Никанор тем не опечалился. Всяческие бытовые стеснения сносил безропотно, ел мало, а пить бросил еще летом. Все время читал, да созерцал чугун-метеорит. После того, как в свинолуповской библиотеке не осталось ни одной не прочитанной книги, Никанор отправился в район, где пропадал помногу дней кряду. Когда же его охватывала умственная тоска, он возвращался в Свинолуповку, ходил по окрестностям, дивясь лаконичности природных картин поздней осени, а также тому, как много на улицах валяется битого кирпича и прочего мусора без всякой пользы для человечества.
С людьми теперь Никанор общался мало, а ежели и пытался заговорить, то по большей части оставался непонятым. Лишь в Митриче он видел достойного собеседника, подолгу споря с ним о философских системах Канта и Ницше.
Сострадая глашиному горю, свинолуповцы прозвали Никанора странником и босяком, а иные и вовсе юродивым. Макарычев не обижался, злобы в сердце не таил, а только сочувствовал да жалел их, списывая ту неприязнь на умственную ограниченность и косность быта. Нынче все для него уподобились деревьям: всяк схож лицом, а каждый родит свое. В том неизведанном факте Макарычев видел великую загадку и утешение.
Охваченный тихой скорбью, Никанор шел из избы, блуждая без видимого дела по пустым проселкам, где только вороны да пронизывающий ветер были ему верными сотоварищами. Наблюдая тихую смерть природы, он силился понять, как в век поголовной грамотности и компьютеризации люди обходятся без Пушкина, Толстого, Достоевского и Булгакова, променяв скупую красоту мира, звездного неба, росу на стеблях трав и трескотню кузнечика на ложь коммунального рая, подчинив себя неписаным циркулярам и предписаниям убогого технократического существования? Зачем хоронятся в укромных местах, питаясь завистью и злобой? Помышляют они только о харчах да железе, гния на корню. А где же любовь и душа? Покойно ли им в скорлупе безразличия и цинизма?

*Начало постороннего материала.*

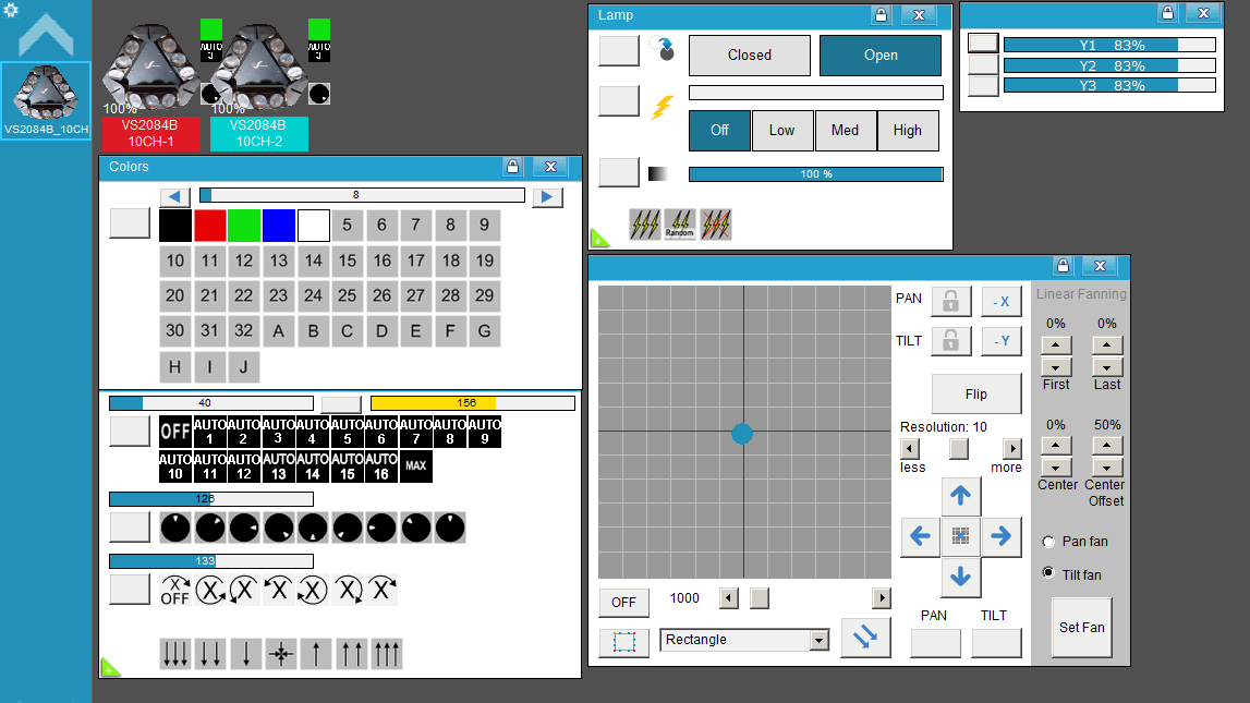 • Posición Tilt individual de cada barra desde los faders Y1, Y2 y Y3.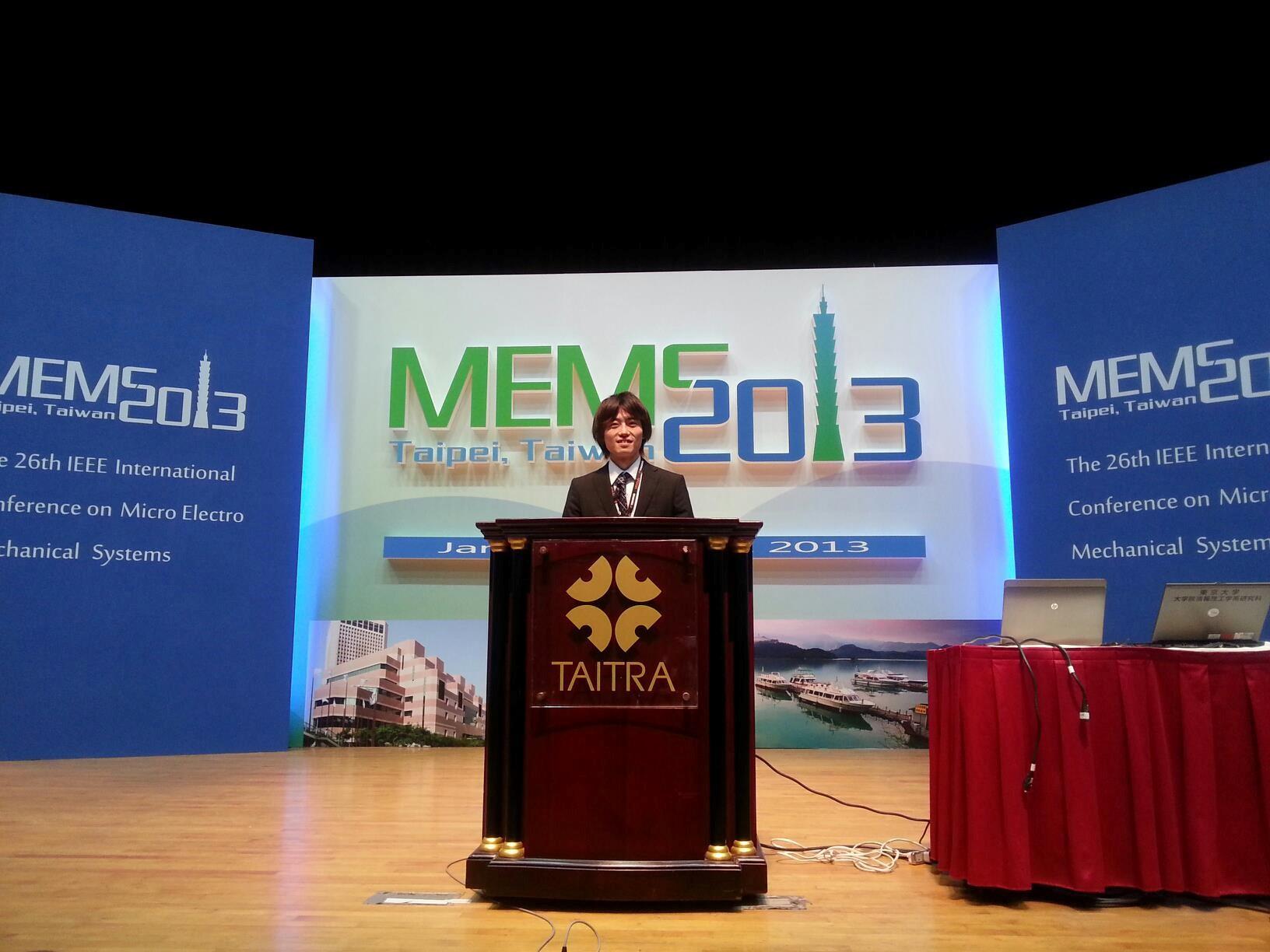 論文を読み漁り、夜通し実験にふけり、徒歩10分の自宅に帰るのも億劫なため、研究室の椅子を並べて寝るという生活を続けること約半年。その年は台湾で開催される国際学会MEMSに投稿した論文要旨が採択され、参加が決定した。しかも口頭発表。日本語でもろくにプレゼンテーションをした経験もない中、業界の重鎮を含む約700人の聴衆が鎮座する前で、英語によるプレゼン。さらに私を縮み上がらせたのは会場の大きさだ。もはや奥の人が誰だか分からない。

И тут, теряясь в безднах человеческого нутра, небывалое внутреннее освобождение зажгло в Никаноре нехитрую радость, даруя пытливому разуму идею обновленной жизни. Понял он, что камень, прозванный им по невежеству чугун-метеоритом, вовсе не метеорит, а ретранслятор космического естества, произведение иных миров, недоступных глазу статистического обывателя. И от мысли той сделалось тепло и уютно, а дух воспарил над раскисшей от дождей землею. Почувствовал себя Макарычев вселенским человеком, коему стала доступна для постижения умом гармония мирового устройства. Ясность и покой охватили тщедушную плотскую оболочку, изможденную внутренней работой. И грезились ему ландшафты далеких планет, населенных всевозможными расами высокоразвитых существ, творивших в один такт с природой. Увидал он множество космических туманностей, всяческих небесных тел и познал тайну жизни и смерти. Оттого взяла его обида за бесцельность предыдущего существования: "Я, свободный человек, все годы жуком навозным ползал по отбросам цивилизации, кормясь помоями духа. Какая нечаянная вышла моя судьба".

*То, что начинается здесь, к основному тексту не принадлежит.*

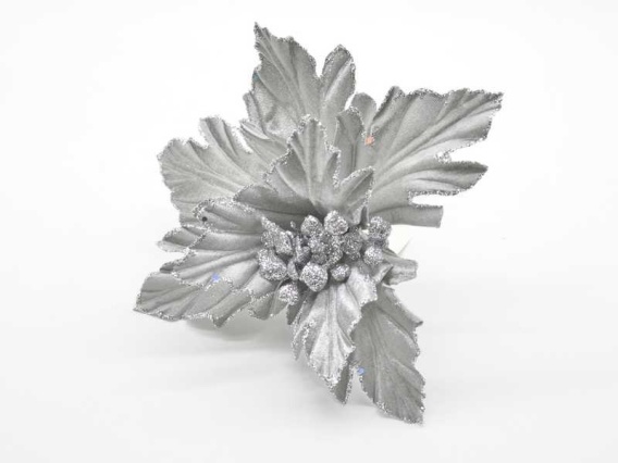 Gwiazda betlejemska szary welur z brokatem (CV20265-2)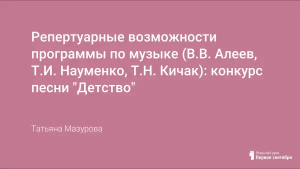 Сценарий конкурса песни «Детство» построен на песнях на музыку В.В. Алеева, Т.И. Науменко, Т.Н. Кичак, с обозначением этапов подготовки к конкурсу и песенным репертуаром.
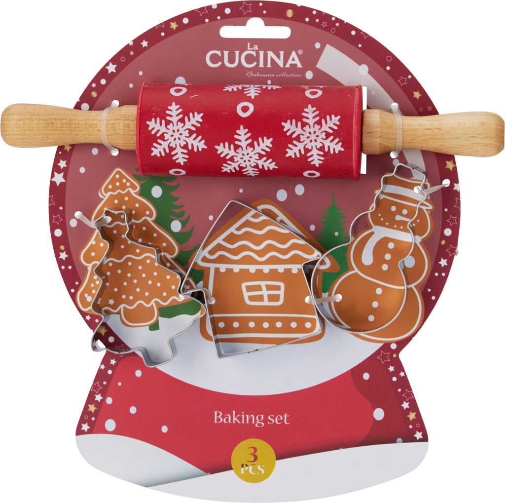 The Christmas Mini Baking Set is perfect for creating festive treats! This set includes three stainless steel gingerbread cutters. To ensure effortless rolling the set also includes a non-stick silicone rolling pin. Perfect for festive family baking and gifting!

Думая так, он жалел Глашу, чью жизнь извел через бытовое непотребство. Жалел дочерей и Митрича, прозябавших в скудости и серости деревенской обыденности. И внутреннее единство Никанора надломилось, а после и вовсе рухнуло, обратилось в прах. Он пытался отыскать путь к счастью всего человечества, да не сдюжил, надорвался и потерял веру. Нет, не свободный он, а слабый, никчемный человек, годный только послужить полевым удобрением, и жизнь его всего лишь сплошное недоразумение, турбулентность природных потоков.

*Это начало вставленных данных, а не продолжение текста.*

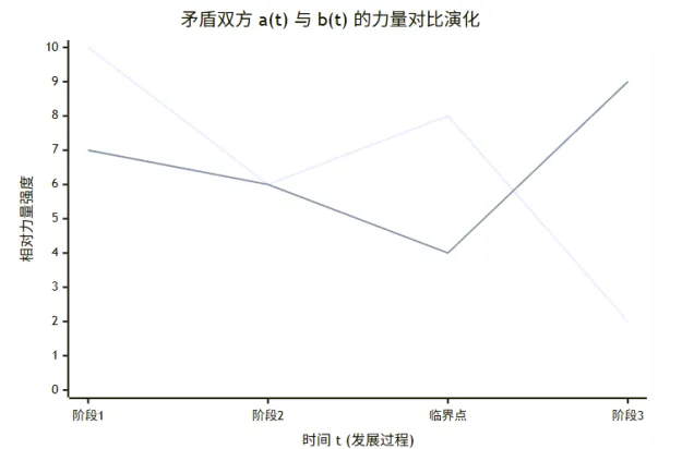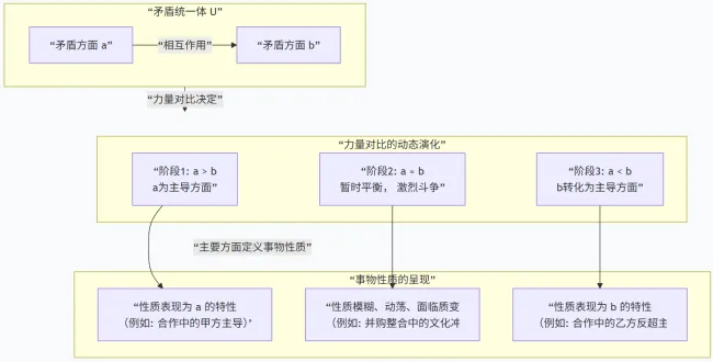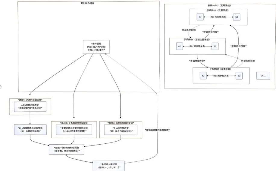 路径1(a/b → U):矛盾双方a、b的力量变化(如强弱易位)会首先引发其所在的子统一体Un内部状态的改变,即事物性质的改变(如从稳定走向动荡)。路径2(U地位):条件变化会导致不同子统一体的重要性排序更替。原先的主要矛盾U1可能降级,次要矛盾U2可能上升成为新的主要矛盾。路径3(R规则):矛盾双方相互作用的关系R本身也会发生质变(如从合作变为竞争对抗)。3. 系统的整体演进与反馈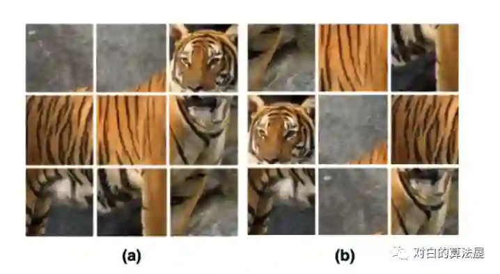 解决拼图问题是无监督学习中一个非常重要的部分。在对比学习中,原图被当作anchor,打乱后的图片被当作正样本,其余图片被当作负样本。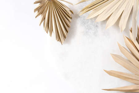 Dry palm leaves on a white background. Flat lay. Top view. Copy space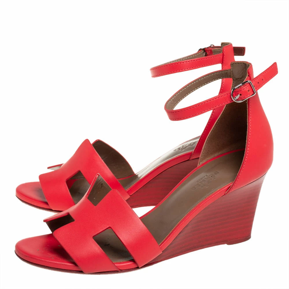 These comfortable Legend sandals from Hermes are ideal for those days when you have to spend long hours outdoors. The red sandals come crafted from leather and feature ‘H’ vamp straps and buckle ankle fastenings. They are equipped with leather-lined insoles and elevated on 7 cm wedge heels.
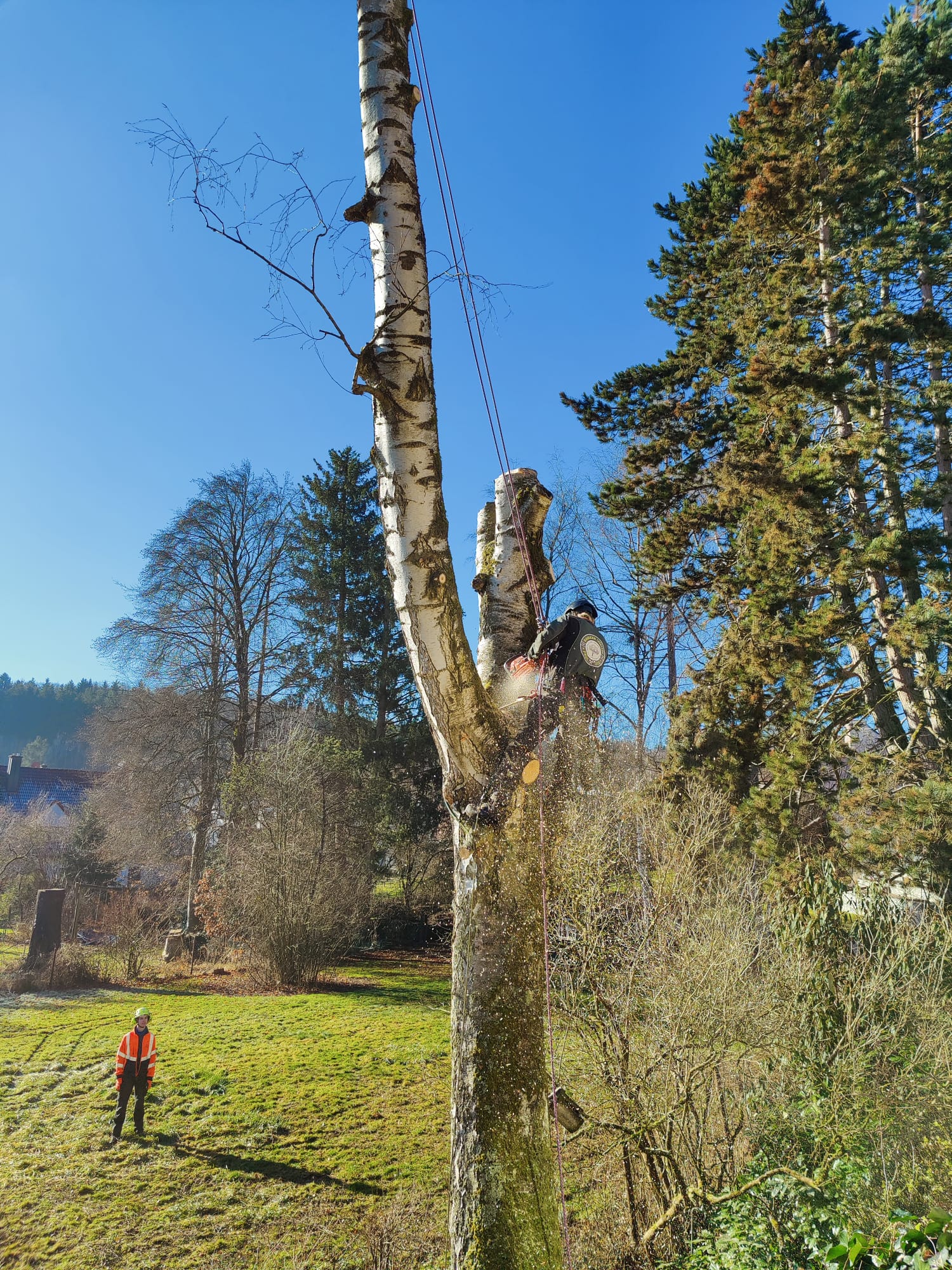 Problembaumfällung auf engem Raum, Baumabtragung mit Seilklettertechnik, Spezialfällungen bei schwierigen Standorten

"Истина моя — зло! Она весь мир замучит. Ведь чего случится, ежели каждый сообразит, что он червь, блоха, зверь дикий, а не человек? От мысли такой народ тоской изойдет, да и вымрет от совестных страданий. Уж пусть тогда я один изведусь. А камень тот проклятый изничтожу!" — от тяжкой грусти собственных противоречий мозг Никанора полнился желчью тоски. Из глаз холодными осенними дождями струились слезы. Разочарование скользкой противной крысой пожирало сердце. Забываясь отчаяньем, теряясь неприкаянным бродягой, он поплелся домой, терзаемый страшным намереньем.
Войдя в сарай, он бросил полный ненависти взгляд на мирно лежавший чугун-метеорит, спешно сунул его в мешок и снес скупщику металлолома. На вырученные деньги взял у местной самогонщицы Марфы бутылку хмельного пойла, выдул всю залпом и провалился в липкую бездну пьяного сна.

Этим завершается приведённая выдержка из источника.